A Sneaker Broker posted:

Is anyone reading the Sun Eater Series? I've been seeing it show up on my Book-focused TikTok account and on my YouTube feed, with multiple creators dubbing it the next "epic" space opera.

Slyphic posted:

I read the first book in the before times. It's a purée of Name of the Wind, Wheel of Time, and a random Star Wars EU trilogy. I felt no compulsion to read further, but but if you're into any of those things, you'll probably get something out of it.
The "remix" aspect is unusually blatant and hard to really capture in a quick post. There are lots of words used that many of us strongly associate with Book of the New Sun ("lictor", "necropolis", "oubliette"). Other concepts just scream Dune over and over. And the framing of the story is very directly from Name of the Wind, just with a sun killer instead of a king killer.

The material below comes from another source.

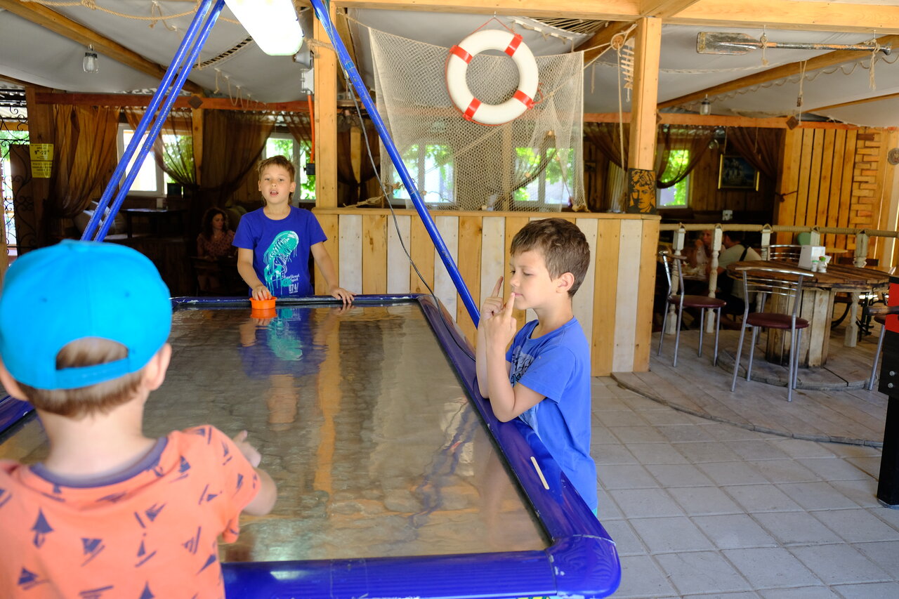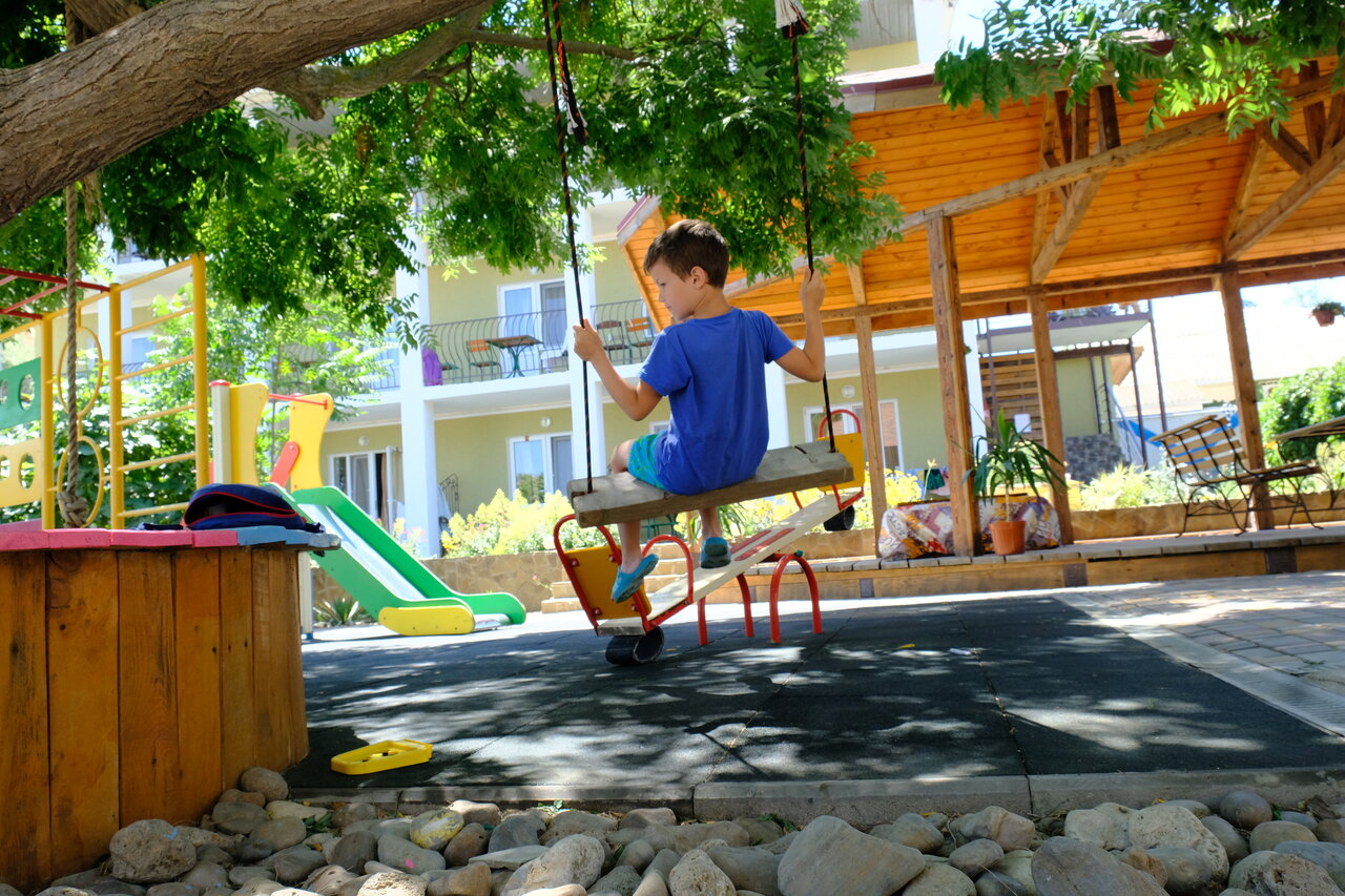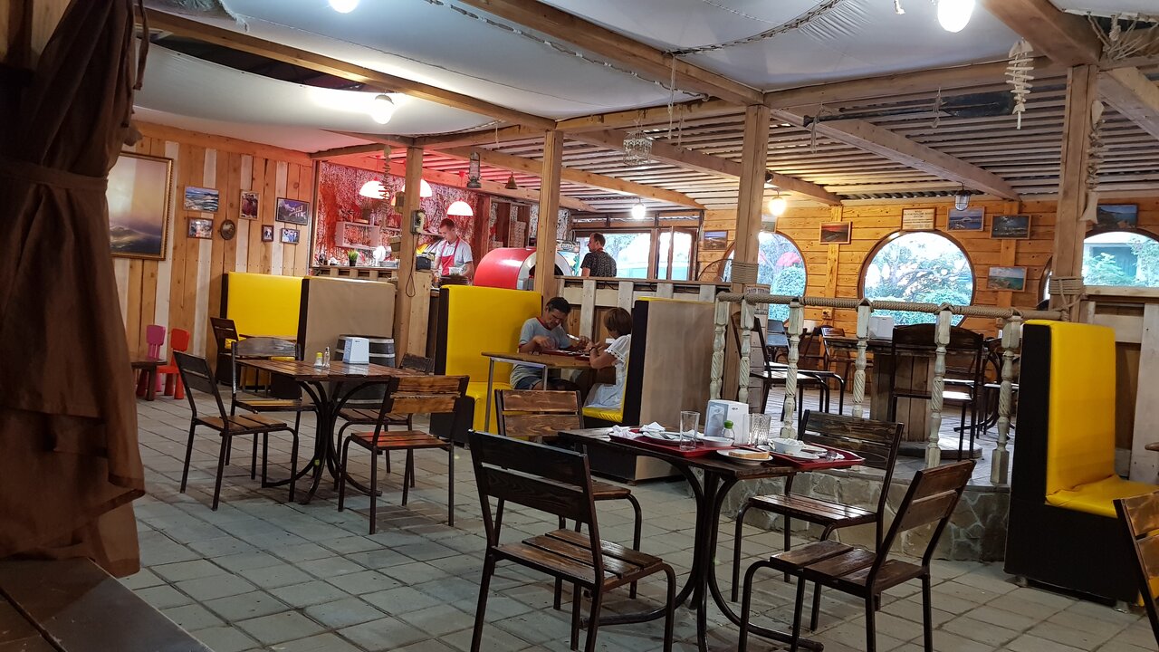 Прекрасное место для всей семьи! Как отель: душевная атмосфера, уютный двор, дети сразу же знакомятся и играют вместе, мы застали детскую дискотеку, но кажется, она бывает регулярно))) есть качели для малышей, песочница, настольный теннис, для взрослых — мангалы. Тут даже библиотека своя есть! Как кафе: очень вкусно и очень вменяемые цены! И вот ни разу, сколько мы обедали здесь, у меня не было ни одной изжоги ! Для меня это прямо показатель. Здесь готовят хороший кофе, дети в восторге от мороженого!

For a while I still enjoyed it. I can see why music people look down on Oasis as derivative of the Beatles, but the Beatles weren't making more music, so why not? And in this case I felt "Name of the Wind but with a different main character" might actually be a net improvement. It is tough looking at Goodreads reviews and seeing the book praised for things lifted from older books by people who haven't read the older books, but hey, that's life.

Empire of Silence posted:

In my long life I have known too many palatines, men and women both, who so abused their underlings. There are words for creatures who so abuse their power, but none shall ever be applied to me.

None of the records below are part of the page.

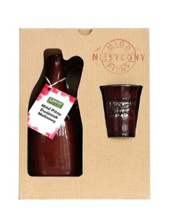 Wysokiej jakości miód Pitny Dwojniak Niesycony z sokiem malinowym został zamknięty w eleganckiej kamionce, którą dołączoną do zestawu z ceramicznym kubkiem.
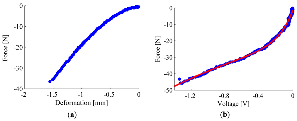 voltage-to-force conversion of the output signal from each sensitive element based on the characterization curve reported in the next sub-section;
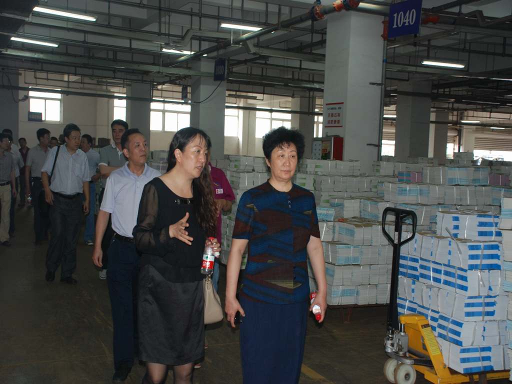 8月6日,中原出版?zhèn)髅郊瘓F(tuán)公司董事長(zhǎng)、黨委書記王愛,中原出版?zhèn)髅郊瘓F(tuán)公司副總裁、中原大地傳媒股份公司總經(jīng)理郭豫生,副總經(jīng)理王慶國、高燦華等一行來到河南出版物流配送中心,視察指導(dǎo)發(fā)行集團(tuán)2014秋教材教輔發(fā)運(yùn)工作。發(fā)行集團(tuán)班子成員陪同視察。
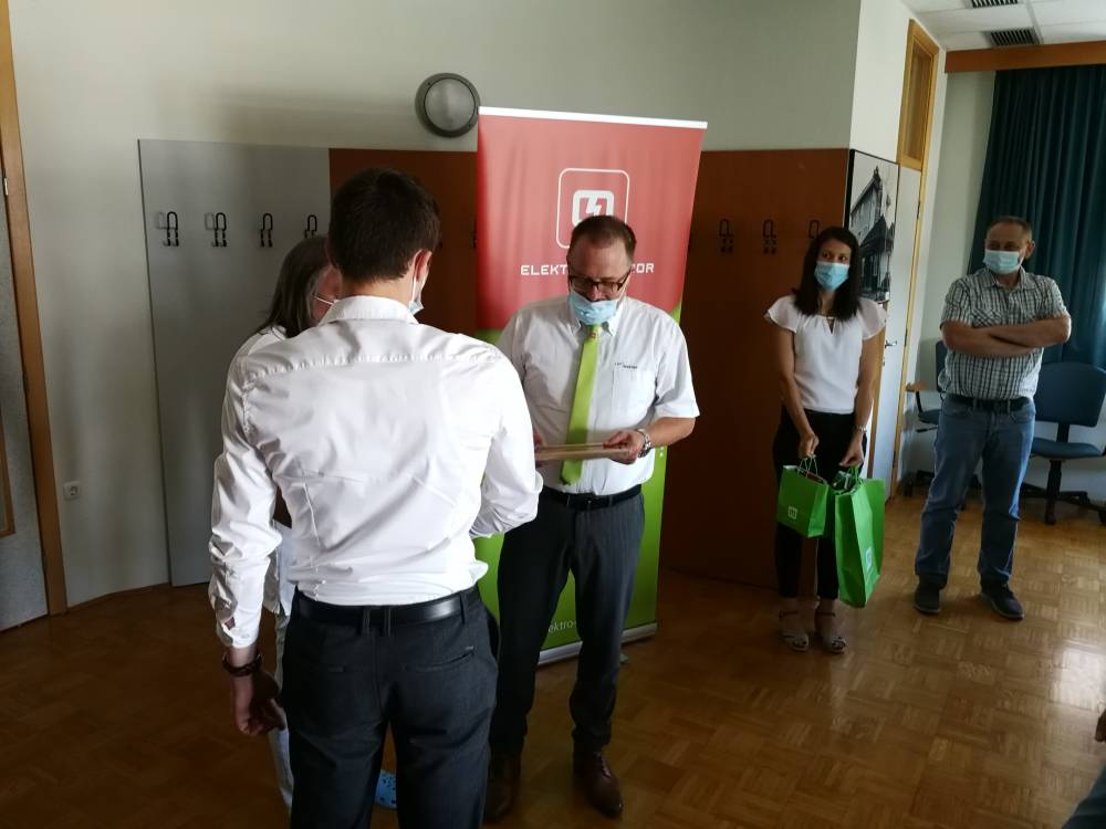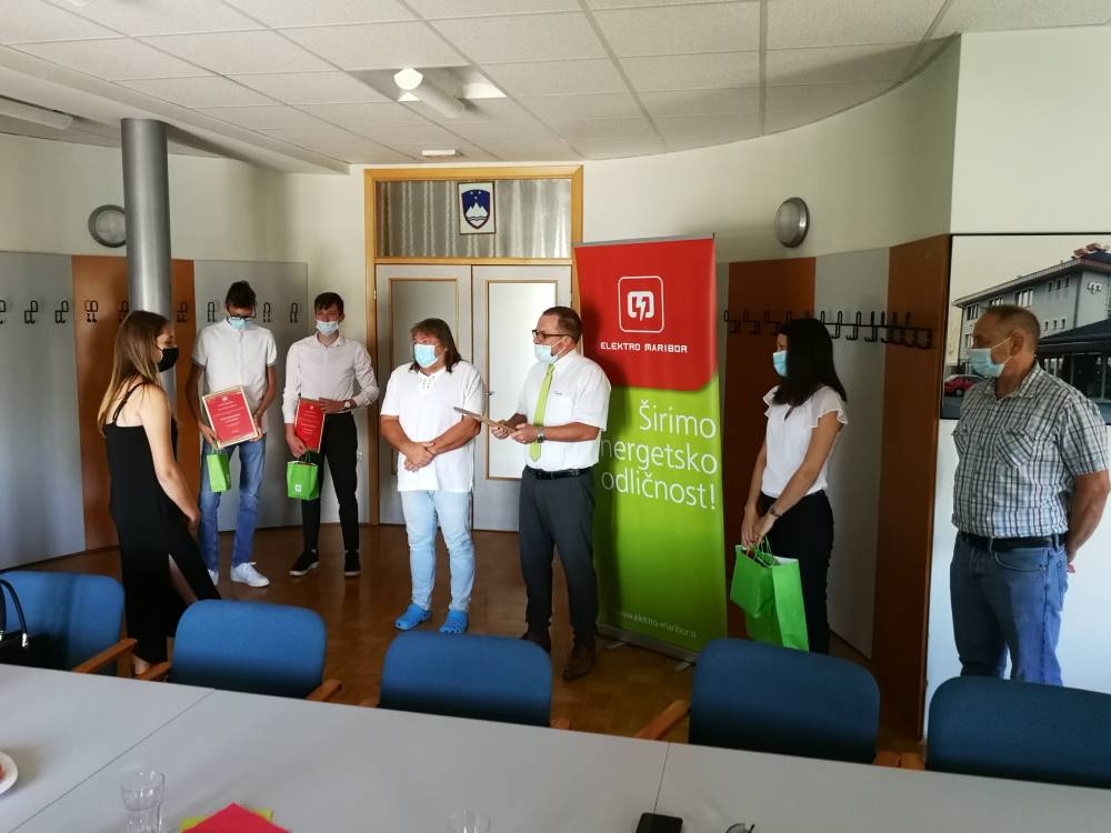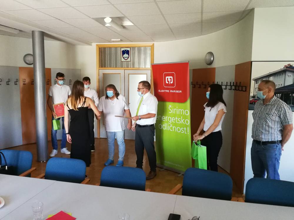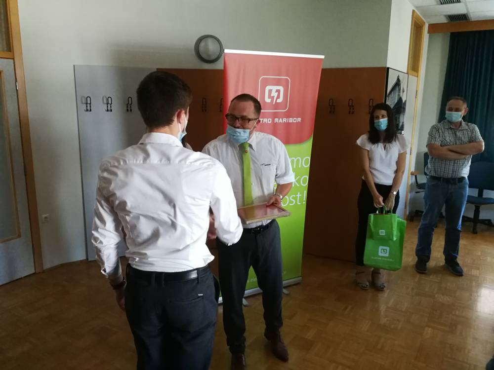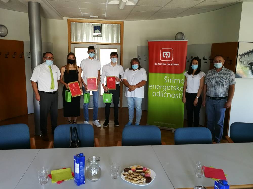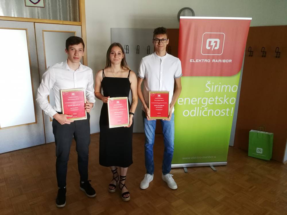 Elektro Maribor je že deseto leto zapored podelilo nagrade za odlične dosežke našim najboljšim dijakom v elektro usmeritvah. Nagrade je podelil direktor OE Murska Sobota g. Uroš Kolarič in ravnatelj naše šole g. Ludvik Sukič. Zlati znak odličnosti in nagrado v višini 300€ je prejela Maja Regoršek iz 4EL1, srebni znak odličnosti in nagrado v višini 200€ je prejel Žiga Sobočan iz 3EL3, bronasti znak odličnosti in nagrado v višini 100€ pa je prejel Miha Fekonja iz 4EL1. Vsem nagrajenim dijakom še enkrat čestitamo za odlične dosežke.
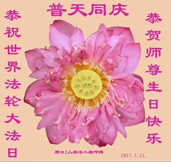 河南省周口2人學法小組大法弟子恭賀法輪大法日

The Name of the Wind posted:

Needless to say, I kept my distance. There are names for people who take advantage of women who are not in full control of themselves, and none of those names will ever rightfully be applied to me.
In the end though I came away dissatisfied not because of the remixing per se but the book just wasn't successful enough on its own terms. The plot gets increasingly contrived and the main character ends up being just too obnoxious. In a totally different way than Kvothe, at least, so maybe in this respect it's original (or maybe I haven't read the antecedent book). It reads like the work of a very young author, and I know that's a pretentious thing to say. I expect and hope he'll improve, but it's harder to accept in this particular book because it constantly reminds you of better books by masters of the genre.

Empire of Silence posted:

Perhaps the Chantry's icona are real. Perhaps those spirits hear our prayers. Perhaps not. I have always considered myself agnostic, but you see, to a peasant, a serf who has never seen the Emperor--to him, our Emperor and those gods are the same. His Radiance's laws still affect the provincial, even when there is no Emperor at all. It is a mistake to believe we must know a thing to be influenced by it. It is a mistake to believe the thing must even be real. The universe is, and we are in it.

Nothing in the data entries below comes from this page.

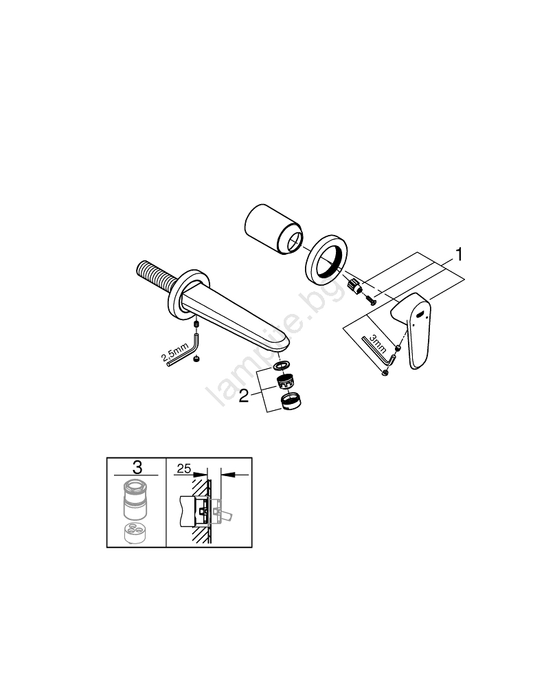 • Стенно смесител за умивалник с монтаж в две отвора за елегантен вид на банята.
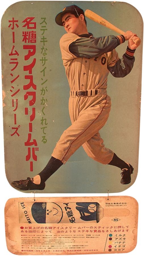 This is a handsome and vintage double-sided large 19x36" cardboard sign, which features an identical action pose of Shigeo Nagashima on both sides. It advertises Meito Ice Cream bars and the never-seen bottom promotional attachment is also included. The attachment explains the redemption promotion that occurred from March 1, 1960 through May 31, 1960. The lucky recipient of an ice cream stick that was imprinted "Grand Slam Home Run," "Home Run," or "Hit" would win a prize. Has some wear along perimeter, overall VG to VG+ condition.
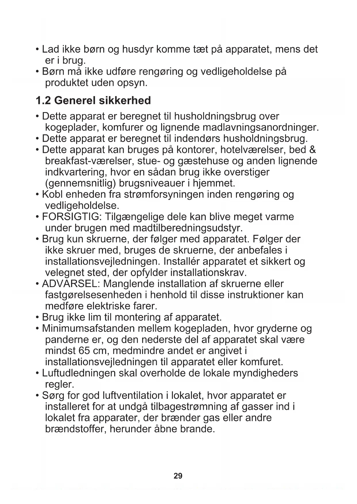 - Dette apparat er beregnet til husholdningsbrug over kogeplader, komfurer og lignende madlavningsanordninger.
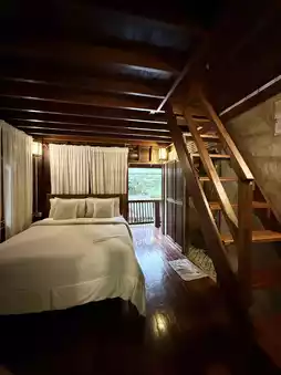 If you're in Mae Kampong and don't know where to stay, I highly recommend Him Doi Home. The rooms are incredibly well-priced. We got this room for less than two hundred baht, and it's even two stories high. The upper floor is a lovely attic. At the back of the room, you'll find a balcony with a view of the waterfall and mountains. It's incredibly healing. I highly recommend this great place to stay! 😍
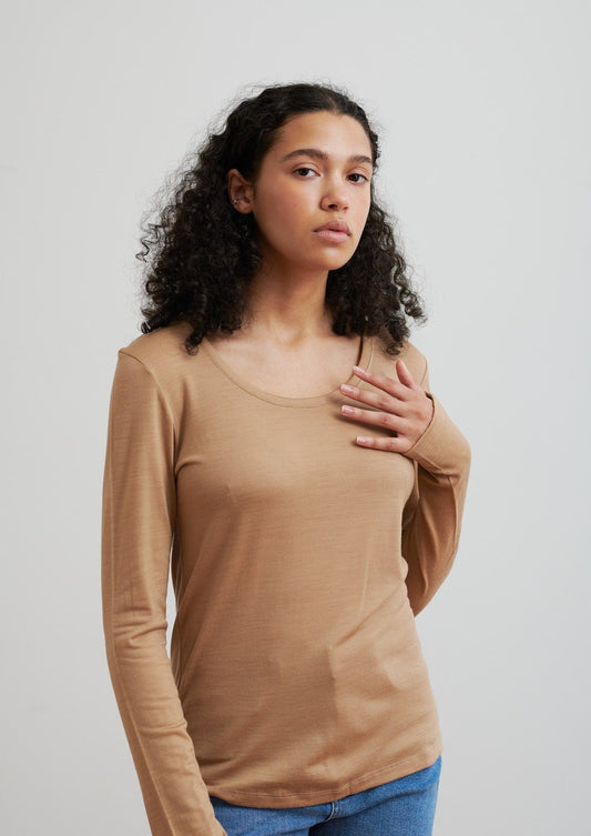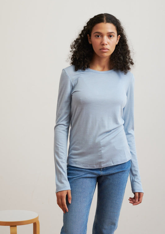 Ethical Wool Scoop Neck Top - Scandi Blue

Book of the New Sun posted:

We believe that we invent symbols. The truth is that they invent us; we are their creatures, shaped by their hard, defining edges. When soldiers take their oath they are given a coin, an asimi stamped with the profile of the Autarch. Their acceptance of that coin is their acceptance of the special duties and burdens of military life—they are soldiers from that moment, though they may know nothing of the management of arms. I did not know that then, but it is a profound mistake to believe that we must know of such things to be influenced by them, and in fact to believe so is to believe in the most debased and superstitious kind of magic. The would-be sorcerer alone has faith in the efficacy of pure knowledge; rational people know that things act of themselves or not at all.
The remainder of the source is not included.